We conduct research to advance state of the art in the area of Knowledge Discovery in Data sets (KDD), with an emphasis on Data Mining, and in particular Web Mining and Stream Data Mining. Our daily activities consist of learning, investigation, design, implementation, testing, and evaluation of efficient algorithms and techniques to solve challenging problems in support of a variety of applications, such as:
- Web analytics & Web personalization for e-commerce and information retrieval
- Mining evolving data streams with an emphasis on evolving Web clickstreams
- Scalable and/or personalized information retrieval in data such as text and astronomical data sets
Recently, the world has witnessed an explosion of electronically stored data. Most organizations rely on huge databases that contain a wealth of information which unfortunately, is not fully exploited. In fact the increasing size of most data repositories is making the access to useful information more and more difficult. Hence, the saying that “The mechanical production of data has created the need for a mechanical consumption of data” is not in vain. Data mining (DM) comprises the set of intelligent tools that can be used to extract useful or interesting information, such as patterns, associations, change, anomalies and significant structures, from large amounts of data stored in various information repositories. Data mining inherits a legacy from diverse disciplines, including:
- Machine Learning
- Artificial Intelligence
- Pattern Recognition
- Database Systems
- Information Retrieval
Recently, several particularly challenging areas of research in data mining have emerged, including:
- Web Mining: mining web data (semi-structured to unstructured)

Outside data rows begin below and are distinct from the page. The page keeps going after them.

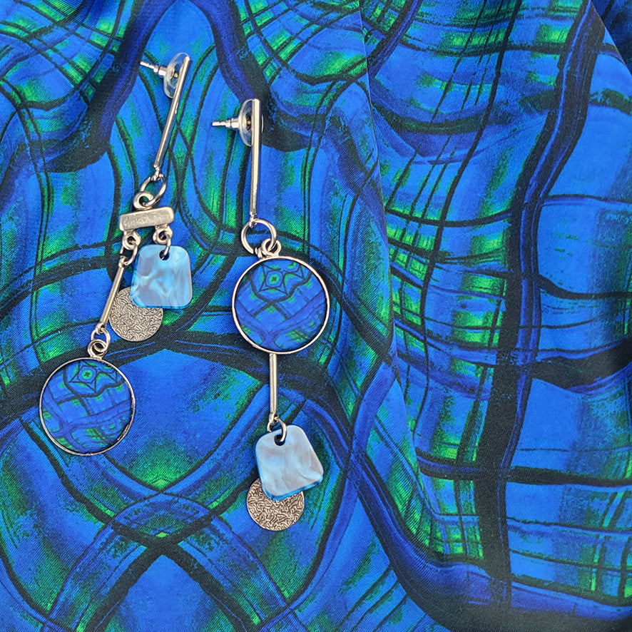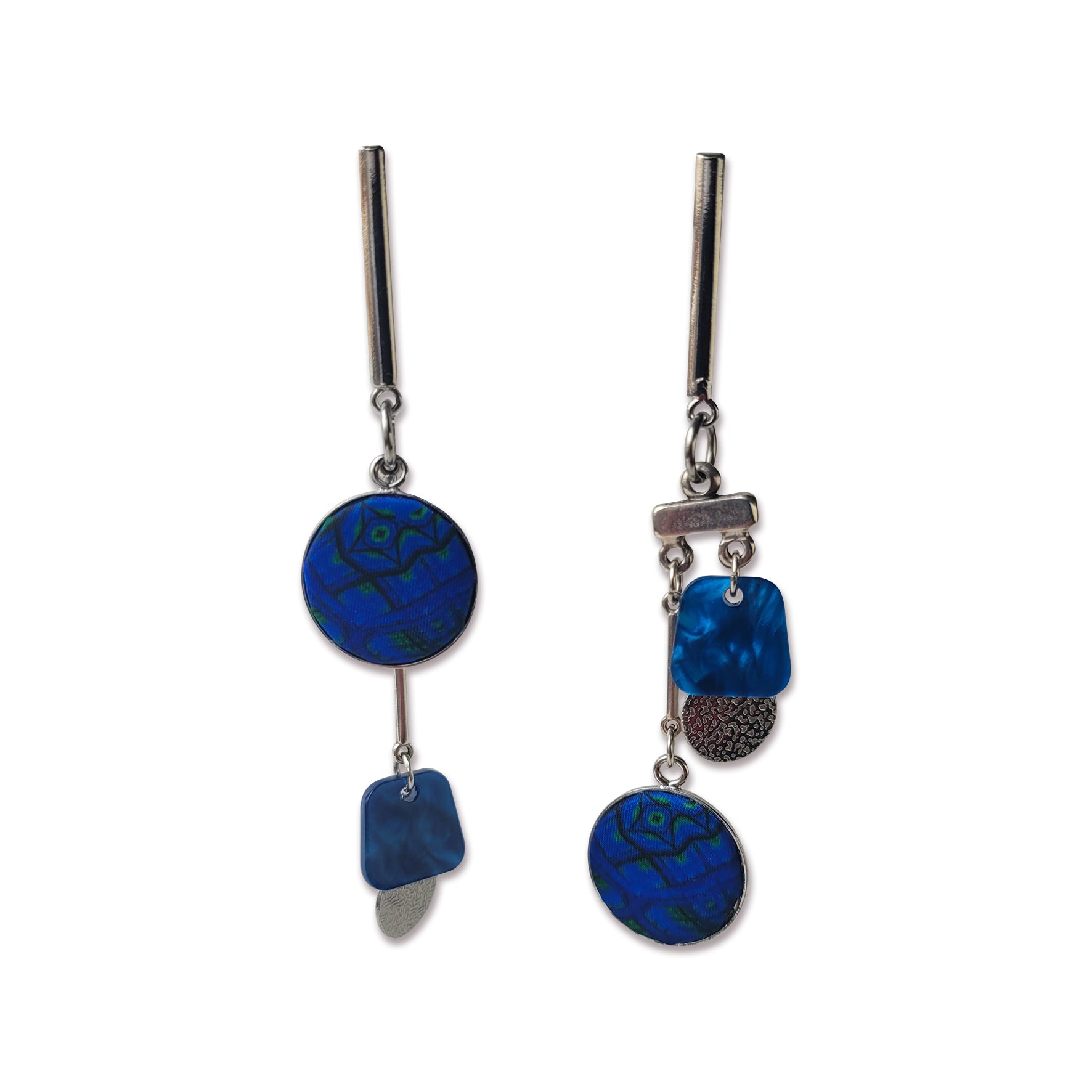 Boucles d’oreille asymétriques, attache-tige en métal hypoallergénique.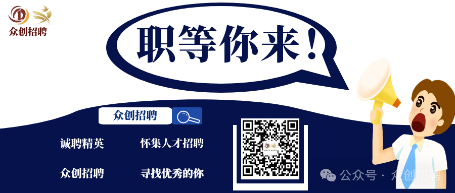 ▍免责声明:本文由众创招聘发布,由于部分内容无法核实出处,如有侵权,请及时联系,我们将会在24小时内删除处理,敬请谅解,谢谢合作。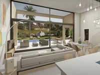 Особенности включают внутреннюю приемную, которая открывается в обширную гостиную/столовую и кухню открытой планировки с "сквозным" полом, на крытые веранды, частный ландшафтный сад и бассейн, чтобы предложить комбинированное внутреннее/внешнее жилое и обеденное пространство, предназначенное для использования как единое целое в особо привилегированном климате региона.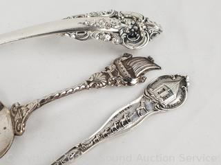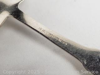 TW: 3148g = 6LB 15oz = 111.1oz. 12 Table Knives (sterling handle, did not weigh some non-sterling weight), 12 Lg. forks TW:1004g = 2LB 3.4oz = 35.4oz, 12 Sm. Forks TW: 534g = 1LB 2.8oz = 18.8oz, 12Sm. Spoons TW: 410g = 14.5oz, 11 Spreaders TW: 360g = 12.7oz, 10 Appetizer Forks TW: 250g = 8.8oz, 16 Serving Utensils TW: 588g = 1LB4.8oz = 20.8oz, Carving Knife & Spike & Claw Grabber (Did not weigh some non-sterling weight).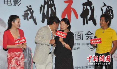 6月8日下午,由朱时茂自导自演的电影《戒烟不戒酒》在北京举行发布会。朱时茂和众美女现场大玩暧昧,与王思懿上演“惊天一吻”。中新社发 李学仕 摄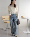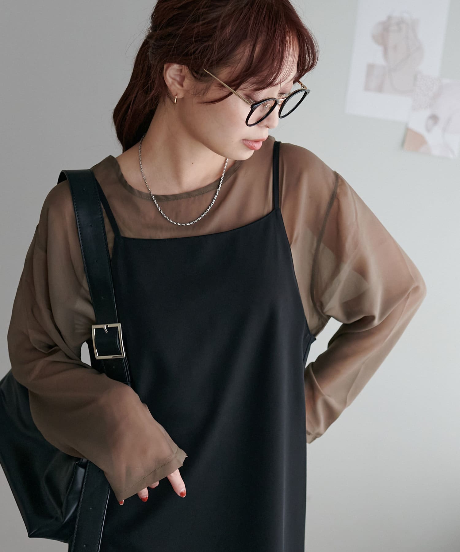 ゆとりのあるサイズ感なのでキャミ合わせはもちろんですが、インナーにTシャツも合わせて楽しめます。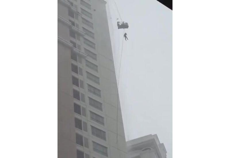 В индонезийском городе Сурабая произошел трагический инцидент, когда два работника, чистившие окна на 25-м этаже жилого комплекса, оказались в ловушке во время внезапного шторма. Как передает Day.Az, соответствующие кадры инцидента быстро распространились в сети.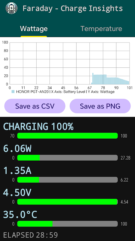 Aplikacja mobilna zaprojektowana do pomiaru w czasie rzeczywistym wskaźników ładowania, takich jak moc, napięcie, natężenie i temperatura. Dodatkowo może generować wykresy historyczne przedstawiające trendy mocy i temperatury w czasie. Aplikacja rejestruje moc ładowania i temperaturę na różnych poziomach naładowania akumulatora, a następnie zestawia te dane w postaci wykresów słupkowych w celu łatwej wizualizacji.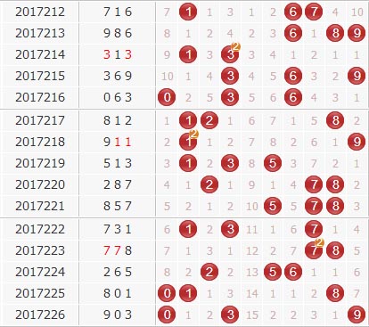 组选分析:在组选分布图上,小号0-2上期开出1枚,本期关注开出0-1枚;中部号码3-6上期开出1枚,本期关注开出1-2枚;大号7-9上期开出1枚,本期防开出1-2枚;结合组选复隔中分布图,上期开出组选复中中形态,本期关注复隔码最少开出1-2枚。本期出号条件:复隔码01389=1-2枚,中码24567=1-2枚。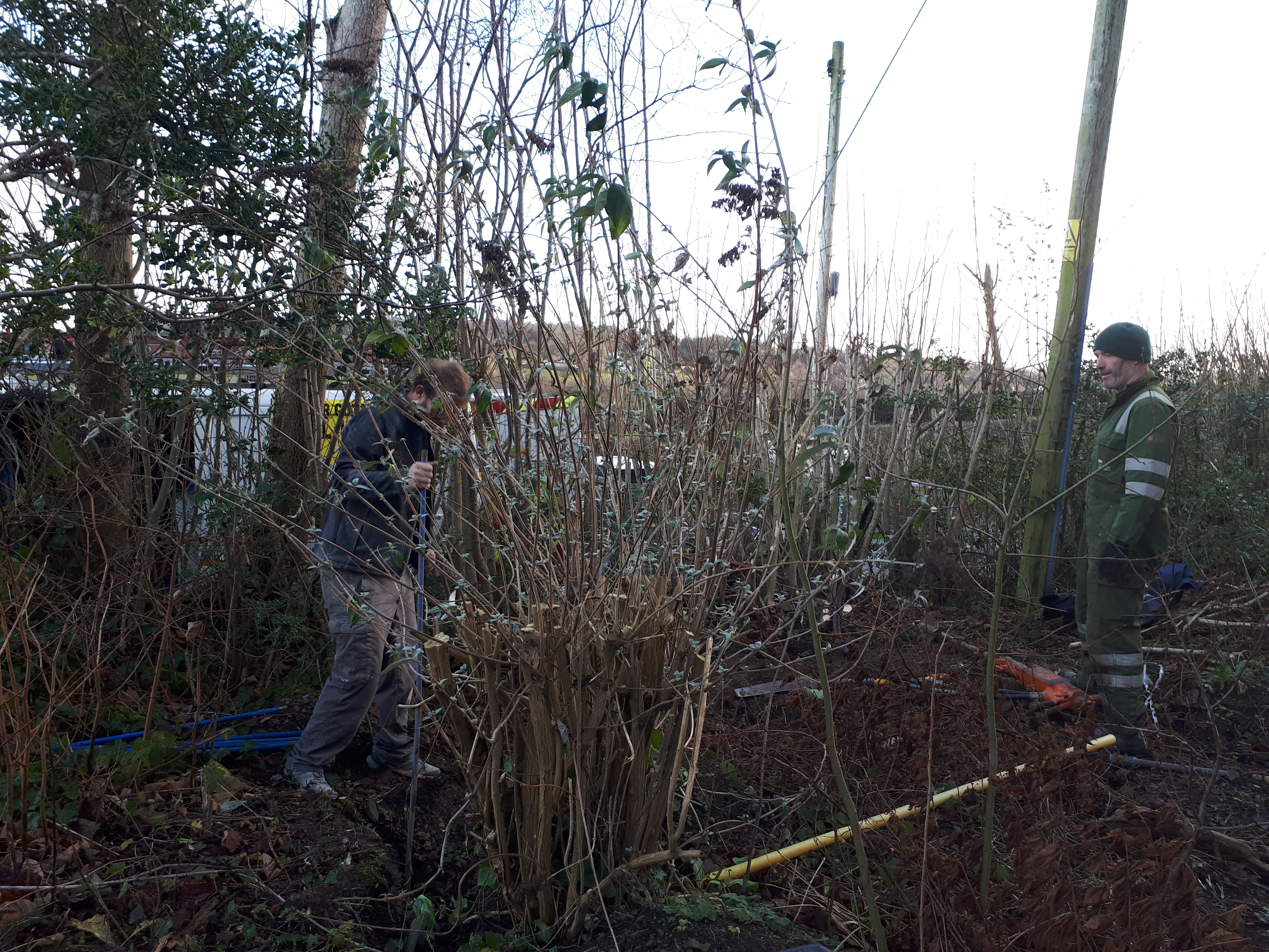 As the hole was so close to the telegraph pole we called Scottish power to assess the situation. They agreed they would need to move the cable supporting the pole. Having dug a hole to see if the ground would be suitable, they found the hole went further than expected. Eventually, they managed to find a suitable spot, and we now know of a massive hole at the bottom of our garden. It is likely to have been caused by our broken drainage, washing away the soil beneath our trees. Due to the lack of soil the Scottish power team decided an ash tree next to the power line was too unstable to leave standing. As our plan is eventually to lay the hedge beside the road, we requested the ash tree be coppiced so we could lay any new growth into the hedge.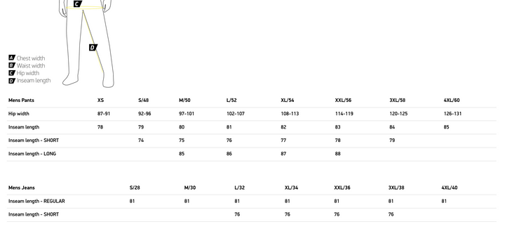 Schutz: Aramidverstärkung an Hüften, Knien und Rücken. Einstellbare CE -Stufe 1 Knieschutz. CE -Stufe 1 Hüftschutz vorbereitet.
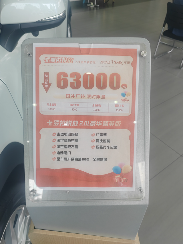 随后,这名负责人向记者出示了4S店内场展示牌,何先生同款车型的展示牌上写着卡罗拉锐放2.0L豪华精英版,指导价15.98万元,综合优惠63000元,包含真皮电动座椅、行李架、踏板、电尾门、行车记录仪、360°影像等内饰升级项目。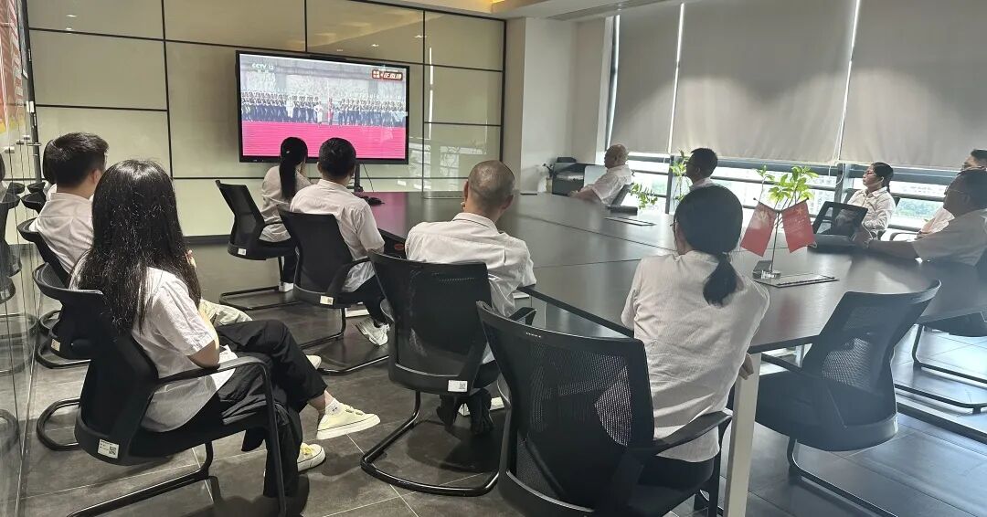 觀看過程中全體員工保持肅靜,莊嚴(yán)有序地認(rèn)真聆聽紀(jì)念大會內(nèi)容,專注觀看閱兵儀式,深刻感悟抗戰(zhàn)精神的時代價值,從歷史中汲取攻堅(jiān)克難、勇毅前行的力量。80 年前,無數(shù)先烈用鮮血鑄就民族脊梁;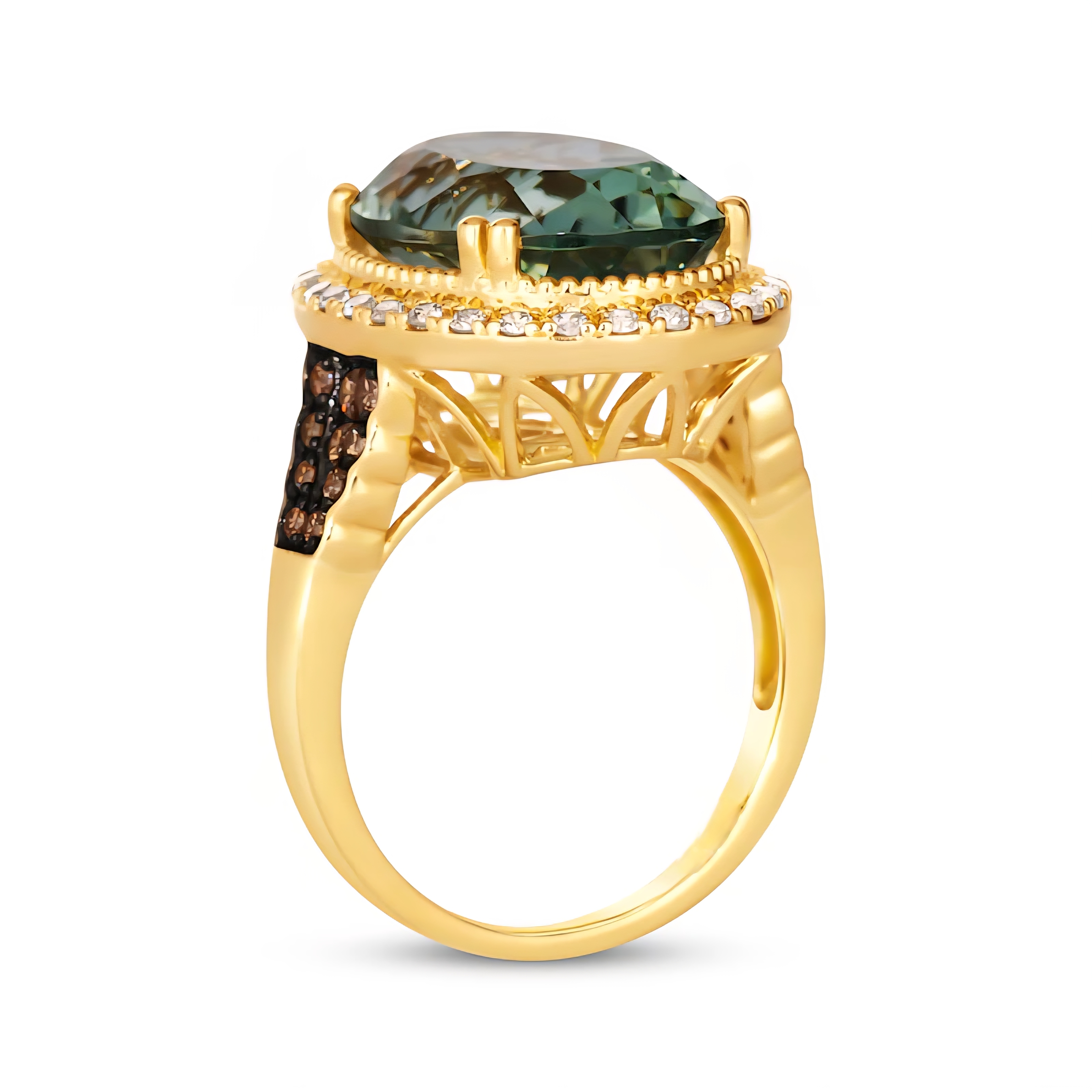 This oversized halo ring is built to stun. At the center, an 11 carat prasiolite gleams with its green brilliance. Surrounding it, a halo of crisp white diamonds intensifies the glow, while rich brown diamonds line the shoulders for contrast and depth. Crafted in solid 14K yellow gold and finished with black rhodium accents, it’s a powerhouse blend of light, color, and luxury.

- Text Mining: mining text data such as in Web pages and e-mails
- Stream Data Mining: mining data that arrives in huge quantities under extremely stringent memory constraints, making it necessary to process the data in only one sequential direction (ex: clickstream data)
- Mining Evolving Data Streams: mining data that not only arrives in huge quantities under harsh computational and space constraints, but that can also change unexpectedly.
What We Do
In our lab, we conduct research in all these challenging areas, which are often intertwined instead of being separate. For example Web Mining often involves data of different types: Web Usage data as found in Web logs that record user navigation or clicks on a website, Structure data as in the hyperlinks between Web pages, and Text data as in the content of Web pages. Text Mining is therefore a special subset of Web Mining.
Also, contrary to most assumptions, Web data on most busy websites is highly dynamic. In particular, Web usage data possesses all the challenging characteristics of massive and evolving data streams, with one added challenge: it is of much higher dimensionality and is very sparse!!!